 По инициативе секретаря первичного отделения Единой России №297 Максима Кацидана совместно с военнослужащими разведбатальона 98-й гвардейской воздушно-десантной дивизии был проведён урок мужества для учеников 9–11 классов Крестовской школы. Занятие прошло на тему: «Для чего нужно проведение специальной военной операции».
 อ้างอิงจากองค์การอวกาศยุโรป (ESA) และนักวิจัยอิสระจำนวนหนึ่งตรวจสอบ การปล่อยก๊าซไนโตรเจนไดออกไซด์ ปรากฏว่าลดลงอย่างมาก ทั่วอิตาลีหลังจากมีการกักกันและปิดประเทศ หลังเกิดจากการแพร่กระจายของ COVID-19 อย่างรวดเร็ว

---

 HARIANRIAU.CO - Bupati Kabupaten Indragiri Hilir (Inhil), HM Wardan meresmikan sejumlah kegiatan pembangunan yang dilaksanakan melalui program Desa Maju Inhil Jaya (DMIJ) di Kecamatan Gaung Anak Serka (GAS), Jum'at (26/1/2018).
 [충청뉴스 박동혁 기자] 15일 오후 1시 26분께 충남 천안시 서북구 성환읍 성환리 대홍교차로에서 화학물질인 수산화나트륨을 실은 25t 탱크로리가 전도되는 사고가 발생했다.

EXERCISE AIM: All lines above from the one containing "HARIANRIAU.CO - Bupati" to the one containing "[충청뉴스 박동혁 기자]" must be repeated exactly, both lines included, and no others.

SOLUTION BELOW:
 HARIANRIAU.CO - Bupati Kabupaten Indragiri Hilir (Inhil), HM Wardan meresmikan sejumlah kegiatan pembangunan yang dilaksanakan melalui program Desa Maju Inhil Jaya (DMIJ) di Kecamatan Gaung Anak Serka (GAS), Jum'at (26/1/2018).
 [충청뉴스 박동혁 기자] 15일 오후 1시 26분께 충남 천안시 서북구 성환읍 성환리 대홍교차로에서 화학물질인 수산화나트륨을 실은 25t 탱크로리가 전도되는 사고가 발생했다.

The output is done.